◆ **YOUR GOAL**
Restate word for word the entries below, starting at the line with "Šatní skříň nabízí" and ending at the line with "12月1日に3年生がサラ玉の". Keep both end lines and omit the pictures.

◆ **RECORDS SUPPLIED**
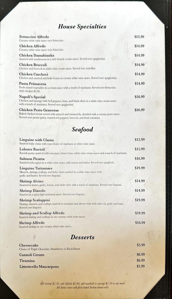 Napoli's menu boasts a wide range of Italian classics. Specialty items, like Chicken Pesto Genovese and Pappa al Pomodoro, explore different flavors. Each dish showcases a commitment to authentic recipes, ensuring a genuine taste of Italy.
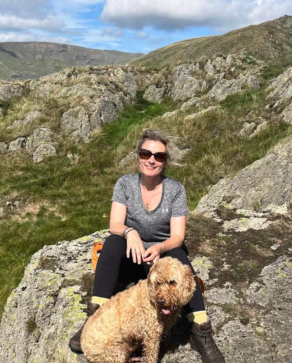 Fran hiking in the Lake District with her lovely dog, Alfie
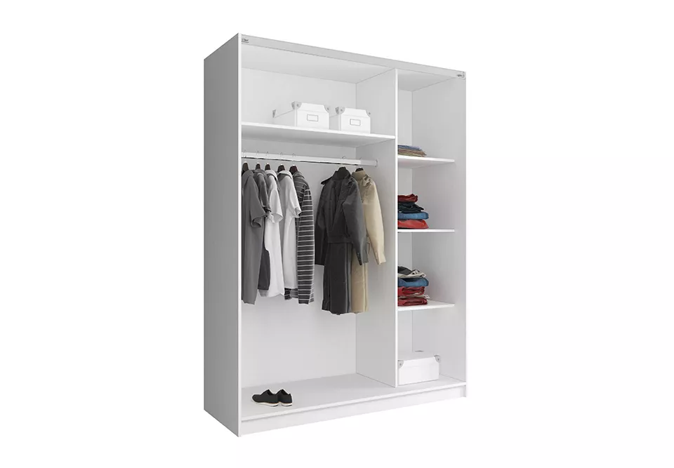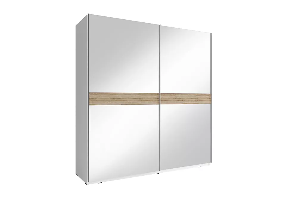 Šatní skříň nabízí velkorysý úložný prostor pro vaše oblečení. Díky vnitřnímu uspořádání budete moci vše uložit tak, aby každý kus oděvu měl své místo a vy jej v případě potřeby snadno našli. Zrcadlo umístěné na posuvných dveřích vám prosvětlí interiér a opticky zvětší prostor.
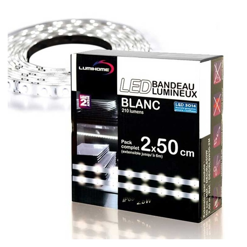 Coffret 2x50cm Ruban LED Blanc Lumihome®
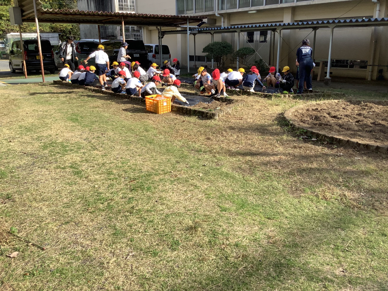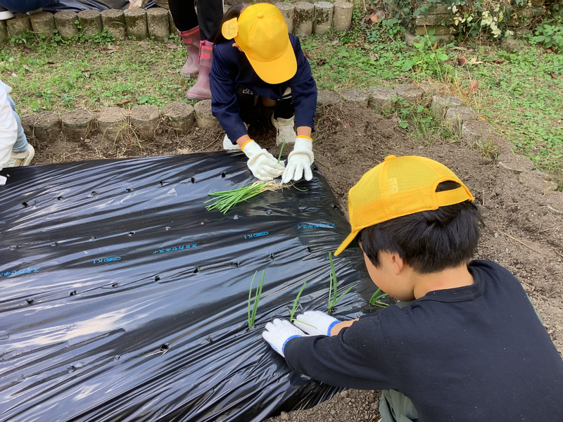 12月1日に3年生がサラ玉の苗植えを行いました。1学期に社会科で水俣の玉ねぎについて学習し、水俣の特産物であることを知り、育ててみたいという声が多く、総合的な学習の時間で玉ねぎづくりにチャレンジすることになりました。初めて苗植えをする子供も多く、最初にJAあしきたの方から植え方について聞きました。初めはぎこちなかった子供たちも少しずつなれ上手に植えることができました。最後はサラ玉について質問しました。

...

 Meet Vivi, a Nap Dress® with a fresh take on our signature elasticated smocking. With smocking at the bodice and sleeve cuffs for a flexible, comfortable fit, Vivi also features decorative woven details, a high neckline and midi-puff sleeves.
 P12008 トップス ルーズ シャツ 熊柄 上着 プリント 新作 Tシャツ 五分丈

◆ **WRITTEN ANSWER**
 Šatní skříň nabízí velkorysý úložný prostor pro vaše oblečení. Díky vnitřnímu uspořádání budete moci vše uložit tak, aby každý kus oděvu měl své místo a vy jej v případě potřeby snadno našli. Zrcadlo umístěné na posuvných dveřích vám prosvětlí interiér a opticky zvětší prostor.
 Coffret 2x50cm Ruban LED Blanc Lumihome®
 12月1日に3年生がサラ玉の苗植えを行いました。1学期に社会科で水俣の玉ねぎについて学習し、水俣の特産物であることを知り、育ててみたいという声が多く、総合的な学習の時間で玉ねぎづくりにチャレンジすることになりました。初めて苗植えをする子供も多く、最初にJAあしきたの方から植え方について聞きました。初めはぎこちなかった子供たちも少しずつなれ上手に植えることができました。最後はサラ玉について質問しました。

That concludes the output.